4NH3 + 5O2 → 4NO + 6H2O
Step 1: Convert the mass of each reactant to moles
4.65g NH3 x (1 mol NH3/17.03g NH3) = 0.273 moles NH3
4.25g O2 x (1 mol O2/32.00g O2) = 0.133 moles O2
Step 2: Determine the limiting reagent by calculating the mole ratio between NH3 and O2
From the balanced equation, the ratio of NH3 to O2 is 4:5
NH3: 0.273 moles
O2: 0.133 moles
Since the mole ratio is 4:5, O2 is the limiting reagent
Step 3: Calculate the theoretical yield of NO in grams
Using the mole ratio between O2 and NO (5:4)
0.133 moles O2 x (4 moles NO/5 moles O2) x (30.01g NO/1 mol NO) = 0.96g NO
Step 4: Calculate the grams of excess reagent (NH3) that remain
0.273 moles NH3 (17.03g NH3/1 mol NH3) - 4.65g NH3 = 0.36g NH3
Therefore, the limiting reagent is O2 with a theoretical yield of 0.96g NO, and 0.36g of NH3 remains as the excess reagent.
2Si + 2N2 → 2SiN4
Step 1: Convert mass of silicon and nitrogen to moles
40.0g Si x (1 mol Si/28.09g Si) = 1.42 moles Si
25.5g N2 x (1 mol N2/28.02g N2) = 0.91 moles N2
Step 2: Determine the limiting reagent by calculating the mole ratio between Si and N2
From the balanced equation, the ratio of Si to N2 is 2:2 (1:1)
Si: 1.42 moles
N2: 0.91 moles
Since the mole ratio is 1:1, both reactants are in the stoichiometric ratio.
Step 3: Calculate the theoretical yield of SiN4 in grams
Using the mole ratio between Si and SiN4 (1:1)

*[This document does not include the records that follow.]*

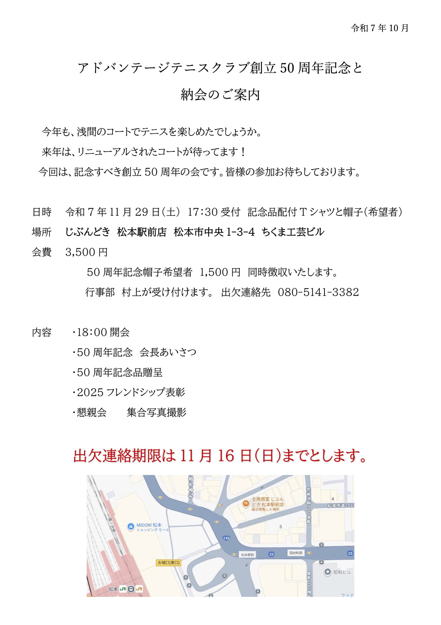 Warning: unlink(/home/c2787875/public_html/advantc.com/wp-content/lolipop-migrator//.htaccess): No such file or directory in /home/c2787875/public_html/advantc.com/wp-content/plugins/lolipop-migrator/includes/class-lolipop-migrator-file.php on line 47 創立50周年記念・納会のご案内 – Advantage Tennis Club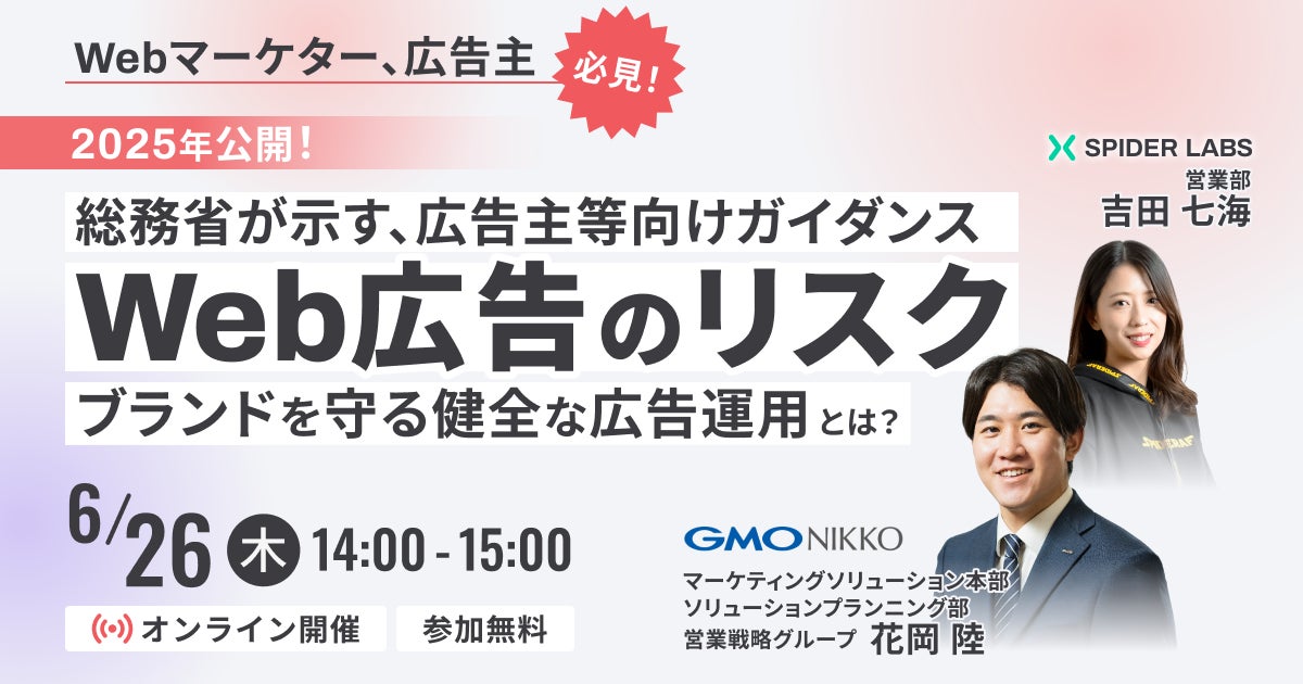 2025年6月26日(木)、株式会社Spider Labs(本社:東京都港区、代表取締役:大月 聡子)は、GMO NIKKO株式会社(本社:東京都渋谷区、代表取締役社長執行役員:佐久間 勇)と共催で、デジタル広告の運用に携わる方を対象とした無料オンラインウェビナー「広告主等向けガイダンスを読み解く 〜デジタル広告の健全な運用に向けて〜」を開催いたします。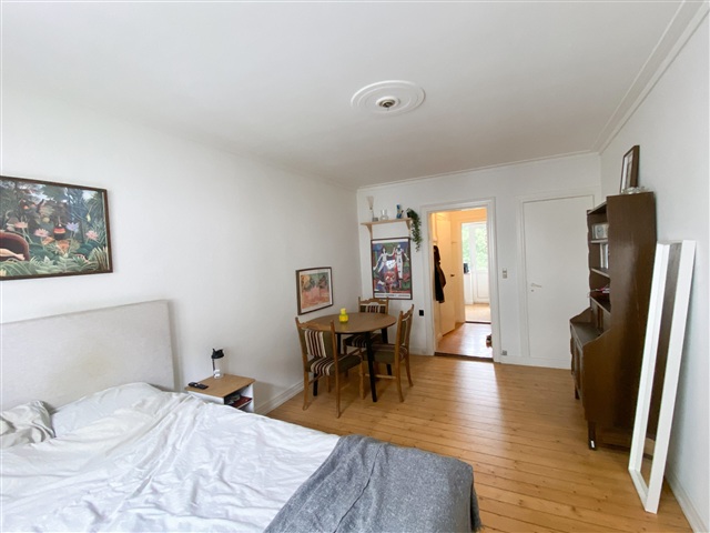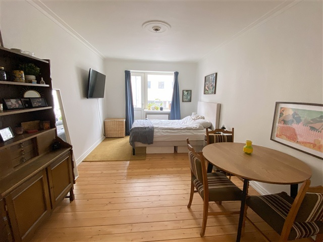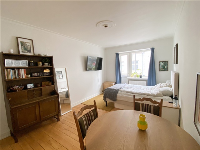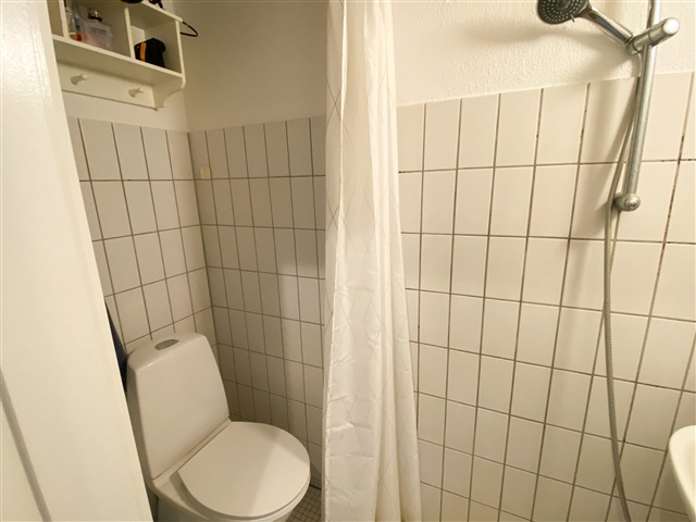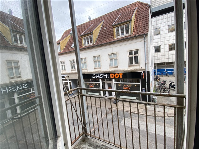 This apartment features a compact entrance area that leads directly to the bathroom. The shower is positioned centrally, effectively dividing the space. Moving on, the kitchen is presented in bright white tones and provides access to a small balcony. Lastly, the unit's main room offers a generous space with attractive flooring, allowing for versatile furnishing options. From here, there is also entry to another small balcony.Located in Aalborg, a city often nicknamed the "Paris of the North," the vibrant culture and entertainment options are especially concentrated in the city center. Aalborg Theater offers a variety of performances catering to diverse tastes, while the Kennedy Arcade features the latest blockbuster films. Additionally, art house cinema screenings can be enjoyed at Biffen Nordkraft. The mix of cultural experiences combined with the unique character of the city center's facades enriches daily life. Living in the heart of Aalborg ensures you never miss out on events or a casual drink with friends in Jomfru Ane Gade. The area is well connected to public transportation, providing easy travel options in all directions-east, west, and south.

1.42 moles Si x (1 mol SiN4/1 mol Si) x (104.1g SiN4/1 mol SiN4) = 148g SiN4
Step 4: Calculate additional grams of N2 needed to produce 98.5g of SiN4
98.5g SiN4 x (1 mol SiN4/104.1g SiN4) x (1 mol N2/2 mol SiN4) x (28.02g N2/1 mol N2) = 14.8g N2
Therefore, no additional grams of N2 are needed to produce 98.5g of SiN4.
2S + 3O2 → 2SO3
Step 1: Convert the mass of sulfur to moles
105.0g S x (1 mol S/32.06g S) = 3.27 moles S
Step 2: Determine the limiting reagent by calculating the mole ratio between S and O2
From the balanced equation, the ratio of S to O2 is 2:3
S: 3.27 moles
O2: 150.2g O2 x (1 mol O2/32.00g O2) = 4.70 moles O2
Since the mole ratio is 2:3, S is the limiting reagent.
Step 3: Calculate the theoretical yield of SO3 in grams
Using the mole ratio between S and SO3 (2:2)
3.27 moles S x (2 mol SO3/2 mol S) x (80.06g SO3/1 mol SO3) = 261.6g SO3
Therefore, the theoretical yield of sulfur trioxide is 261.6g.